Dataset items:
◇ ◇ ◇ ◇ ◇ ◇ ◇

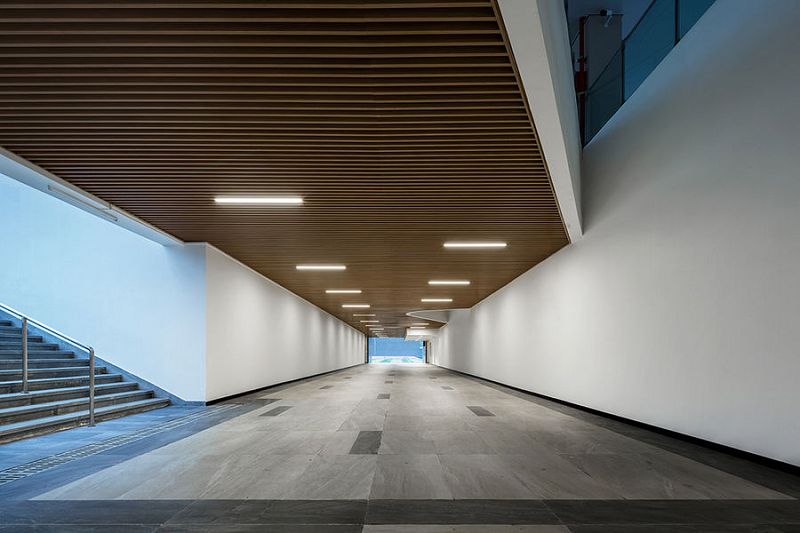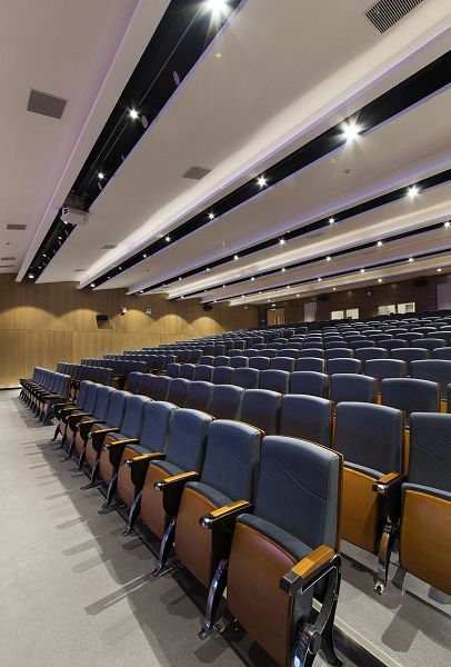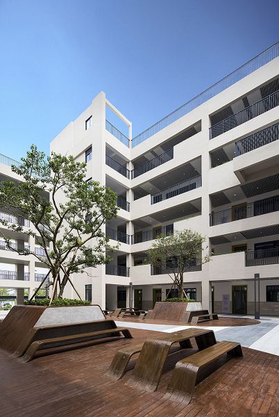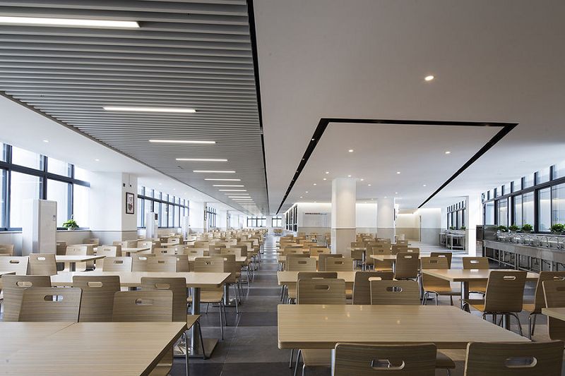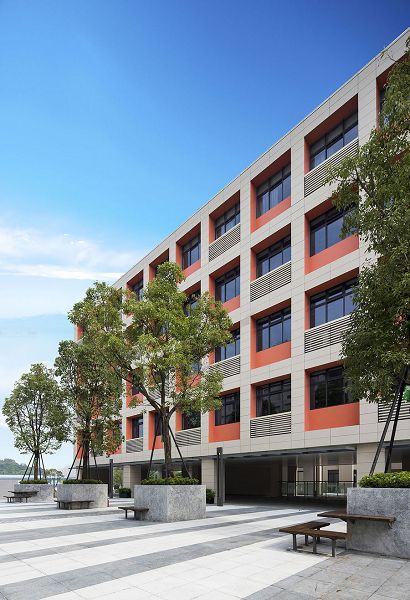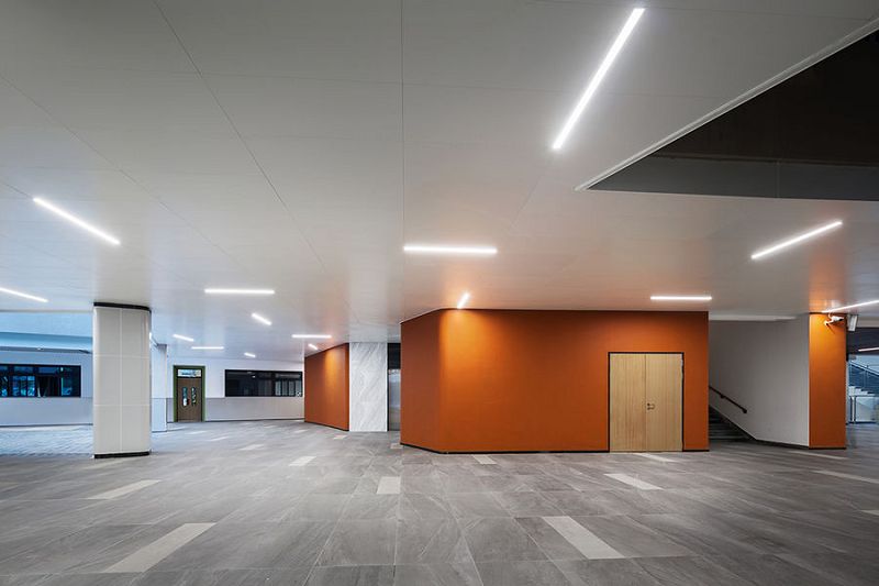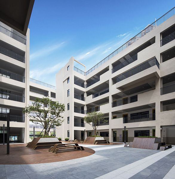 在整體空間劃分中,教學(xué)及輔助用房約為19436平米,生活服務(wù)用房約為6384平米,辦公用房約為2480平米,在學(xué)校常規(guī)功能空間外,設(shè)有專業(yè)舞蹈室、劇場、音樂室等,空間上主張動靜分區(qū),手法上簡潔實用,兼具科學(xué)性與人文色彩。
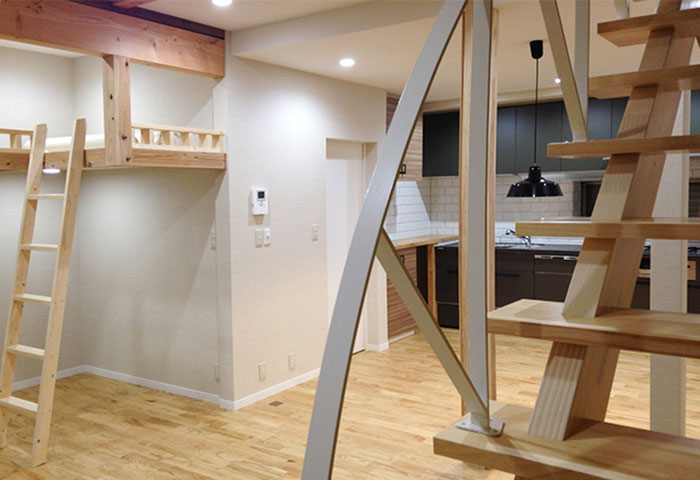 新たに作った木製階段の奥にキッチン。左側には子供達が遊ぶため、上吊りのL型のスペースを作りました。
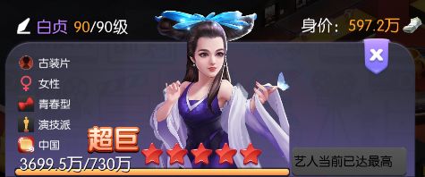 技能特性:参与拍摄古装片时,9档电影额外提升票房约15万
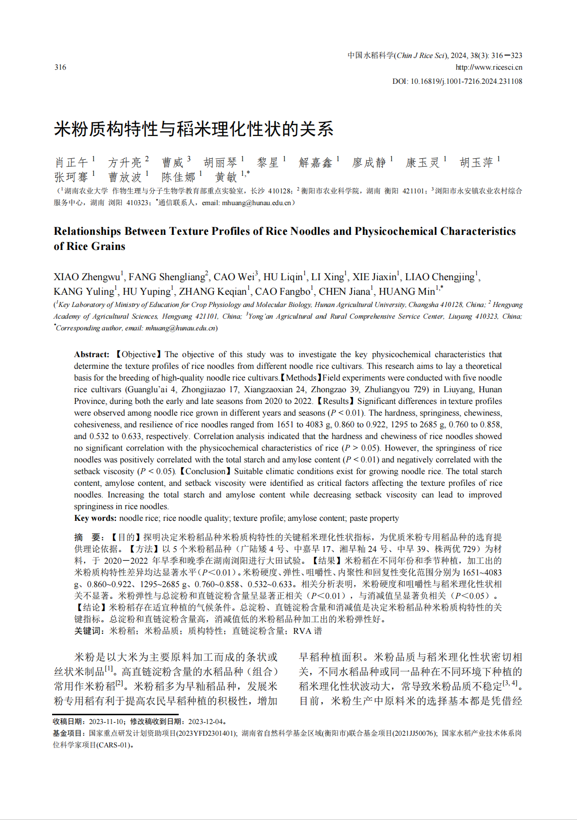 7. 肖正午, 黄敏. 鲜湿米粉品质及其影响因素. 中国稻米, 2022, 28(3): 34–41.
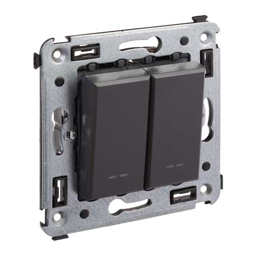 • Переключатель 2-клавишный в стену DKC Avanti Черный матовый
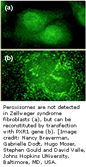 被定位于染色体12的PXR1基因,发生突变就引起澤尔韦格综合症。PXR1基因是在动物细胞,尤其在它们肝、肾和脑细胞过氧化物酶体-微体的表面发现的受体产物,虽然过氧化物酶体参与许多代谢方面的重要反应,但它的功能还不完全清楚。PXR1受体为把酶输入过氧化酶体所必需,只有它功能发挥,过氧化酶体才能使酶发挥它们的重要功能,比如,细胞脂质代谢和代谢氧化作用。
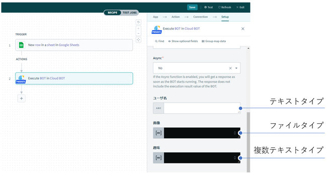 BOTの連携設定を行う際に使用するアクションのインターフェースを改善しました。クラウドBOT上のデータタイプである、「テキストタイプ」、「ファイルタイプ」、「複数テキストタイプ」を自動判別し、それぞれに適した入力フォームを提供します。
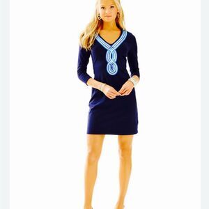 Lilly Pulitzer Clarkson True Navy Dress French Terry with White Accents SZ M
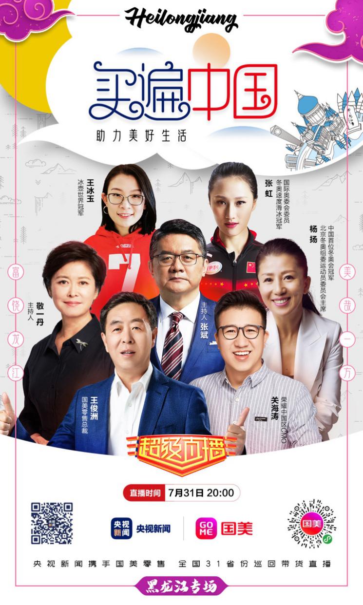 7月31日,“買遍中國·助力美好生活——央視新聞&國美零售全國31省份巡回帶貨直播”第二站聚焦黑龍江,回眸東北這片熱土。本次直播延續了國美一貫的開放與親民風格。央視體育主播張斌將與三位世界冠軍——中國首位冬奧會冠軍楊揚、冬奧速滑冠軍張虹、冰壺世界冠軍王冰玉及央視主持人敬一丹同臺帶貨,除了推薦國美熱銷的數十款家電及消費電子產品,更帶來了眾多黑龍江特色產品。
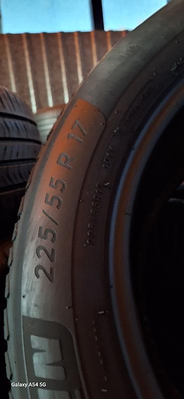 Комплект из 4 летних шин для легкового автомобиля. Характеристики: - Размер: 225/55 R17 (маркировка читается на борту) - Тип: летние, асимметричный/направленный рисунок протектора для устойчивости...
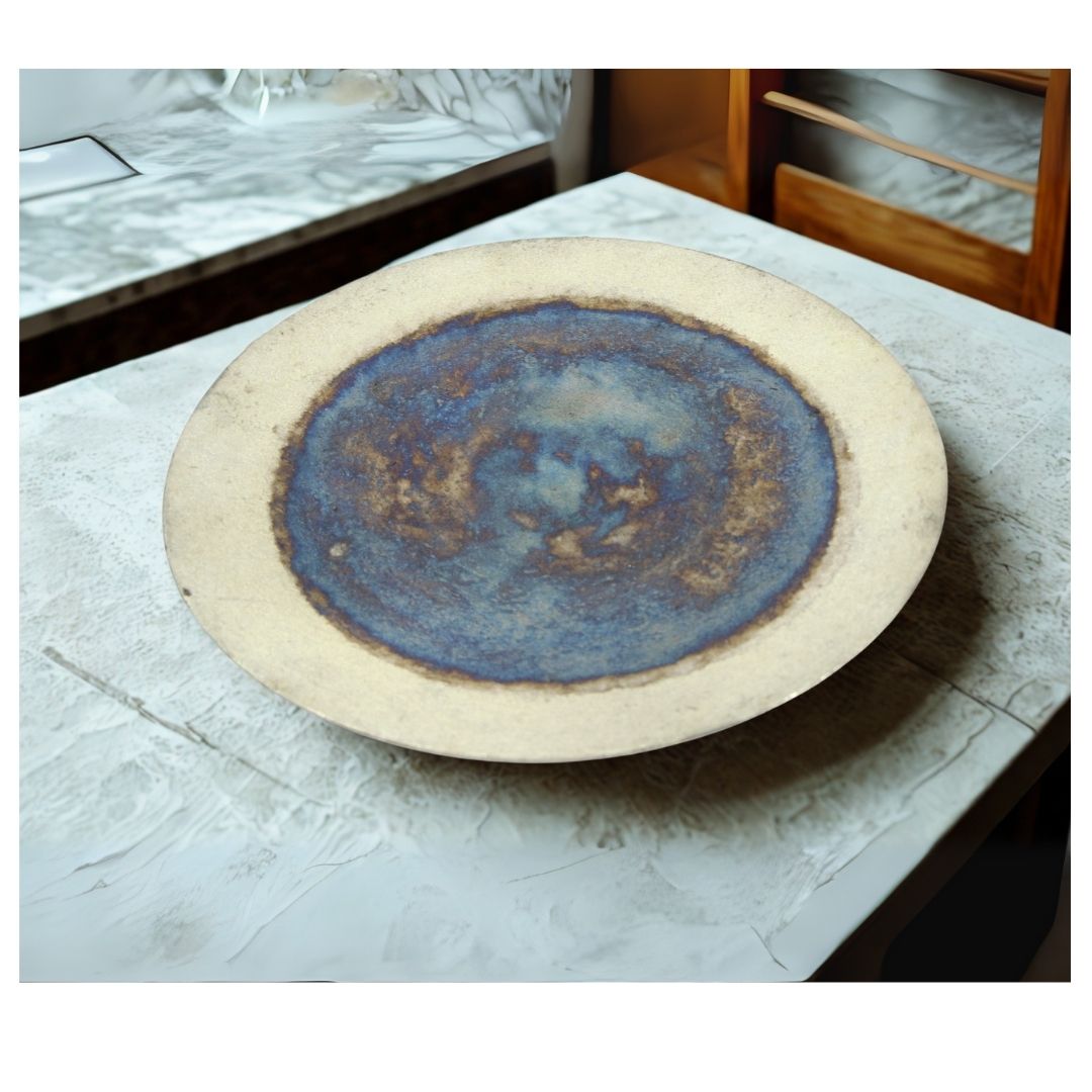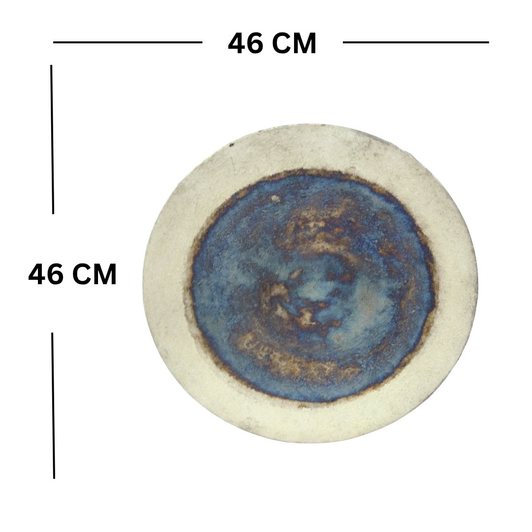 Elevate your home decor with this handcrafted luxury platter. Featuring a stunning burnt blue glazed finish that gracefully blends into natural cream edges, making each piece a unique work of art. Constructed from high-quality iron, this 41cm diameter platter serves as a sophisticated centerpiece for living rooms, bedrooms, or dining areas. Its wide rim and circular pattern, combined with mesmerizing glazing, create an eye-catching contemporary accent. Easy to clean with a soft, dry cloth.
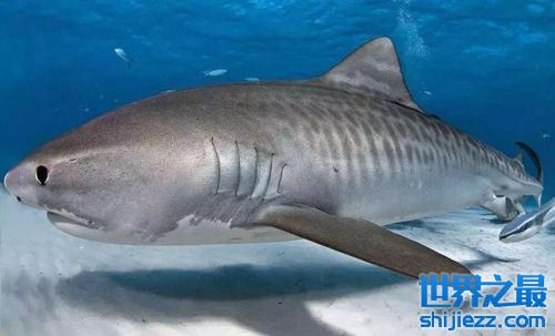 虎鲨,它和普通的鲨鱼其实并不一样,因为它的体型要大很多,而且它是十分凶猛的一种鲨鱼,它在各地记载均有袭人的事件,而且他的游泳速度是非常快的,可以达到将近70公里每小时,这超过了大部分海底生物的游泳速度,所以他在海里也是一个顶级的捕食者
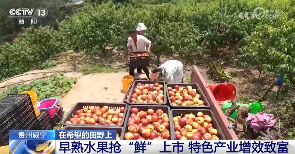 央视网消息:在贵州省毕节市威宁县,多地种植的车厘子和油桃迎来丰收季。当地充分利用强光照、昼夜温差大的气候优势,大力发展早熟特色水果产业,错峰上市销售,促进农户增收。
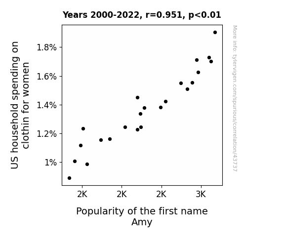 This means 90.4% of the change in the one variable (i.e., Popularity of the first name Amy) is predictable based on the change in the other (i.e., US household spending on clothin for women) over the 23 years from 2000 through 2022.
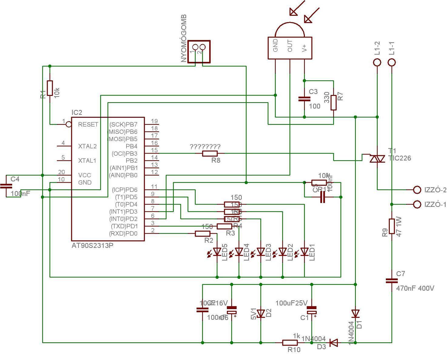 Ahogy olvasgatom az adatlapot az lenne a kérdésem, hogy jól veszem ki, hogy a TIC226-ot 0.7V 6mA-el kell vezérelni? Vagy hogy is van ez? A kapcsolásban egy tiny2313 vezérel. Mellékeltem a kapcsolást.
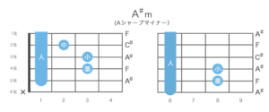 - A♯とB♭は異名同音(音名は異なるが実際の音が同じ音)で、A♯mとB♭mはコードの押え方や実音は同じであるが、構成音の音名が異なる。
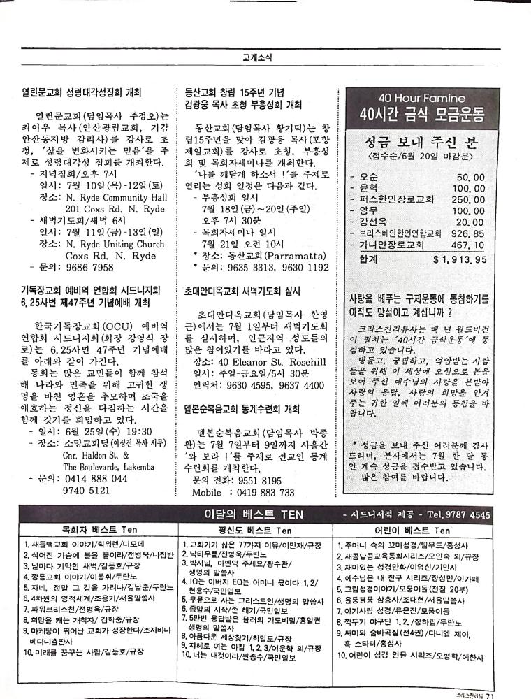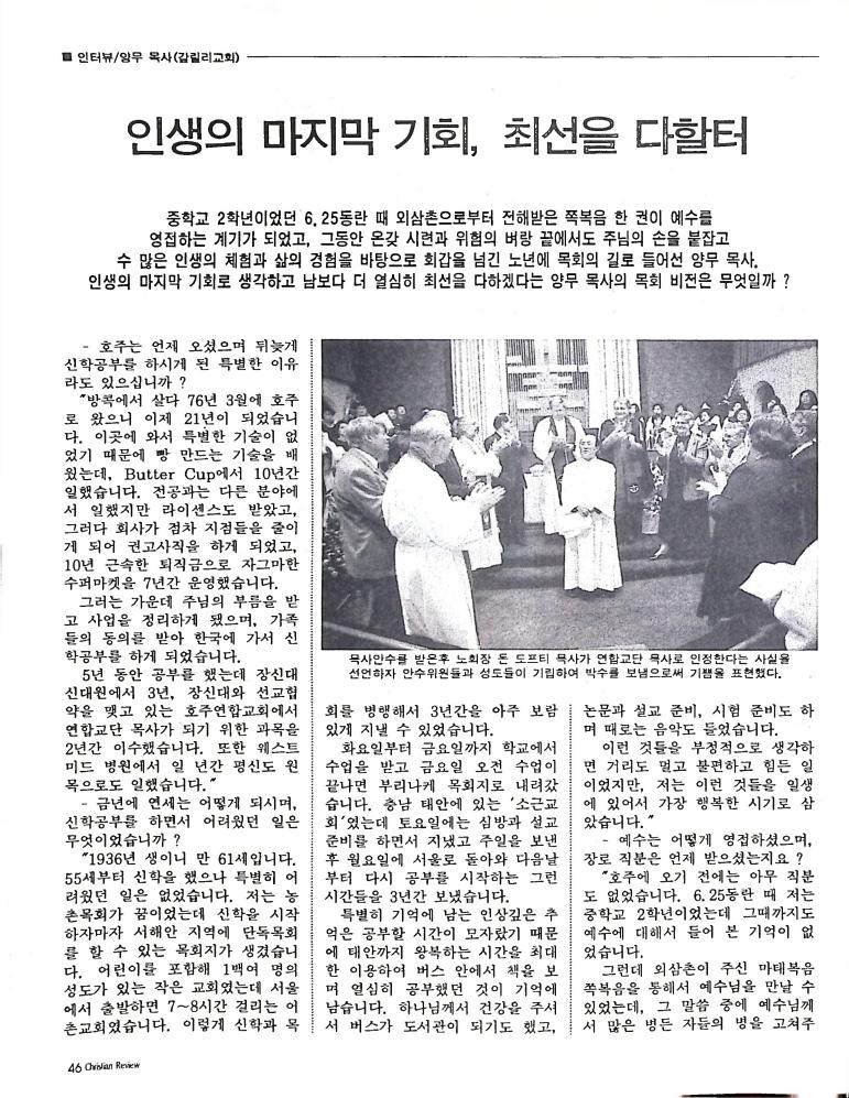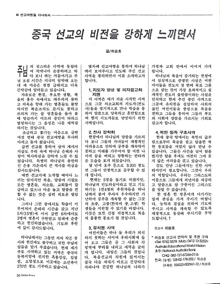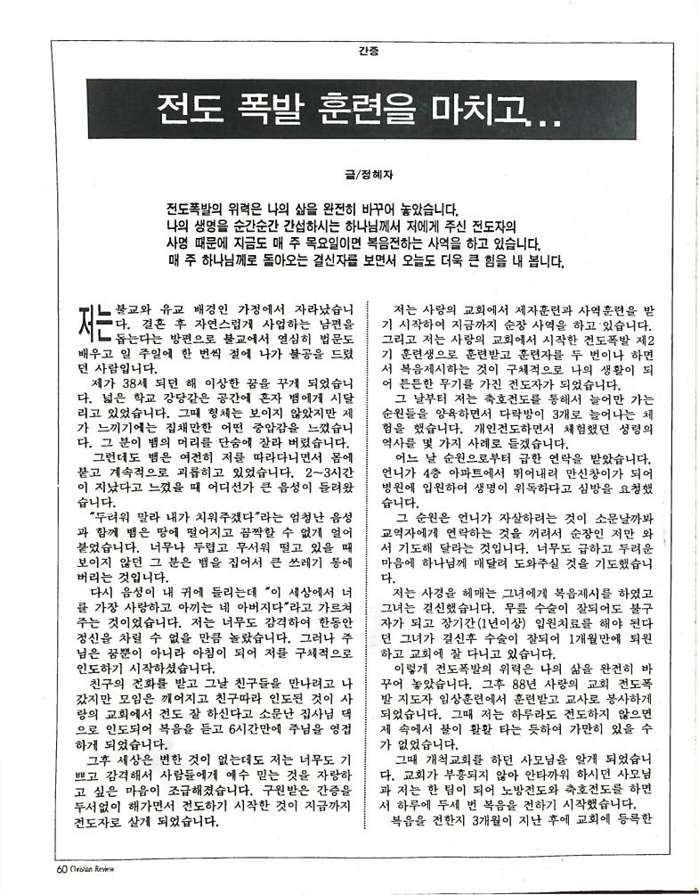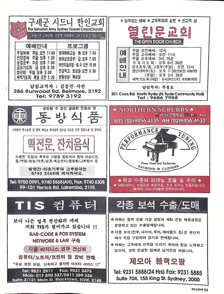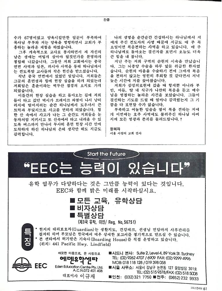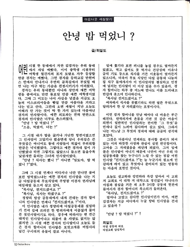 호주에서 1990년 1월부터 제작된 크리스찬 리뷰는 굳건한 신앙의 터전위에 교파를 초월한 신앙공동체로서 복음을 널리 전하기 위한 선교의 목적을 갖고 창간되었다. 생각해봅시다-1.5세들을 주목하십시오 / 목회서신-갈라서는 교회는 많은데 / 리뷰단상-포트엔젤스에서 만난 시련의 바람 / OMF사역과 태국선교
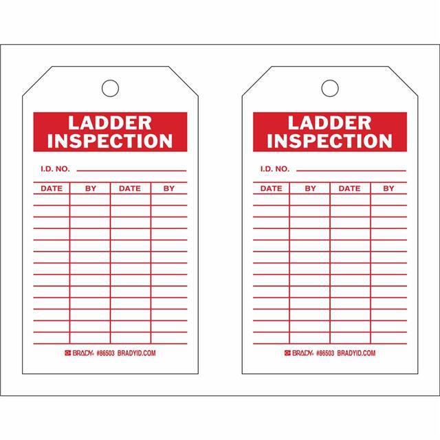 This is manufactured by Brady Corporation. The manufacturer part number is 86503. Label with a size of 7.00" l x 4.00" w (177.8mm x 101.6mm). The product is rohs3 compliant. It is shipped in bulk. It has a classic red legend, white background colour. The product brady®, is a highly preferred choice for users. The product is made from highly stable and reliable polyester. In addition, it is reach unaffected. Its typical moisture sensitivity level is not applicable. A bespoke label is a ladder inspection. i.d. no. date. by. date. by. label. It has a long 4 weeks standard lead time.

◇ ◇ ◇ ◇ ◇ ◇ ◇

• TASK DETAILS: Output the records exactly, and let none of their pictures appear in the copy.

• THE COMPLETED TASK:
 在整體空間劃分中,教學(xué)及輔助用房約為19436平米,生活服務(wù)用房約為6384平米,辦公用房約為2480平米,在學(xué)校常規(guī)功能空間外,設(shè)有專業(yè)舞蹈室、劇場、音樂室等,空間上主張動靜分區(qū),手法上簡潔實用,兼具科學(xué)性與人文色彩。
 新たに作った木製階段の奥にキッチン。左側には子供達が遊ぶため、上吊りのL型のスペースを作りました。
 技能特性:参与拍摄古装片时,9档电影额外提升票房约15万
 7. 肖正午, 黄敏. 鲜湿米粉品质及其影响因素. 中国稻米, 2022, 28(3): 34–41.
 • Переключатель 2-клавишный в стену DKC Avanti Черный матовый
 被定位于染色体12的PXR1基因,发生突变就引起澤尔韦格综合症。PXR1基因是在动物细胞,尤其在它们肝、肾和脑细胞过氧化物酶体-微体的表面发现的受体产物,虽然过氧化物酶体参与许多代谢方面的重要反应,但它的功能还不完全清楚。PXR1受体为把酶输入过氧化酶体所必需,只有它功能发挥,过氧化酶体才能使酶发挥它们的重要功能,比如,细胞脂质代谢和代谢氧化作用。
 BOTの連携設定を行う際に使用するアクションのインターフェースを改善しました。クラウドBOT上のデータタイプである、「テキストタイプ」、「ファイルタイプ」、「複数テキストタイプ」を自動判別し、それぞれに適した入力フォームを提供します。
 Lilly Pulitzer Clarkson True Navy Dress French Terry with White Accents SZ M
 7月31日,“買遍中國·助力美好生活——央視新聞&國美零售全國31省份巡回帶貨直播”第二站聚焦黑龍江,回眸東北這片熱土。本次直播延續了國美一貫的開放與親民風格。央視體育主播張斌將與三位世界冠軍——中國首位冬奧會冠軍楊揚、冬奧速滑冠軍張虹、冰壺世界冠軍王冰玉及央視主持人敬一丹同臺帶貨,除了推薦國美熱銷的數十款家電及消費電子產品,更帶來了眾多黑龍江特色產品。
 Комплект из 4 летних шин для легкового автомобиля. Характеристики: - Размер: 225/55 R17 (маркировка читается на борту) - Тип: летние, асимметричный/направленный рисунок протектора для устойчивости...
 Elevate your home decor with this handcrafted luxury platter. Featuring a stunning burnt blue glazed finish that gracefully blends into natural cream edges, making each piece a unique work of art. Constructed from high-quality iron, this 41cm diameter platter serves as a sophisticated centerpiece for living rooms, bedrooms, or dining areas. Its wide rim and circular pattern, combined with mesmerizing glazing, create an eye-catching contemporary accent. Easy to clean with a soft, dry cloth.
 虎鲨,它和普通的鲨鱼其实并不一样,因为它的体型要大很多,而且它是十分凶猛的一种鲨鱼,它在各地记载均有袭人的事件,而且他的游泳速度是非常快的,可以达到将近70公里每小时,这超过了大部分海底生物的游泳速度,所以他在海里也是一个顶级的捕食者
 央视网消息:在贵州省毕节市威宁县,多地种植的车厘子和油桃迎来丰收季。当地充分利用强光照、昼夜温差大的气候优势,大力发展早熟特色水果产业,错峰上市销售,促进农户增收。
 This means 90.4% of the change in the one variable (i.e., Popularity of the first name Amy) is predictable based on the change in the other (i.e., US household spending on clothin for women) over the 23 years from 2000 through 2022.
 Ahogy olvasgatom az adatlapot az lenne a kérdésem, hogy jól veszem ki, hogy a TIC226-ot 0.7V 6mA-el kell vezérelni? Vagy hogy is van ez? A kapcsolásban egy tiny2313 vezérel. Mellékeltem a kapcsolást.
 - A♯とB♭は異名同音(音名は異なるが実際の音が同じ音)で、A♯mとB♭mはコードの押え方や実音は同じであるが、構成音の音名が異なる。
 호주에서 1990년 1월부터 제작된 크리스찬 리뷰는 굳건한 신앙의 터전위에 교파를 초월한 신앙공동체로서 복음을 널리 전하기 위한 선교의 목적을 갖고 창간되었다. 생각해봅시다-1.5세들을 주목하십시오 / 목회서신-갈라서는 교회는 많은데 / 리뷰단상-포트엔젤스에서 만난 시련의 바람 / OMF사역과 태국선교
 This is manufactured by Brady Corporation. The manufacturer part number is 86503. Label with a size of 7.00" l x 4.00" w (177.8mm x 101.6mm). The product is rohs3 compliant. It is shipped in bulk. It has a classic red legend, white background colour. The product brady®, is a highly preferred choice for users. The product is made from highly stable and reliable polyester. In addition, it is reach unaffected. Its typical moisture sensitivity level is not applicable. A bespoke label is a ladder inspection. i.d. no. date. by. date. by. label. It has a long 4 weeks standard lead time.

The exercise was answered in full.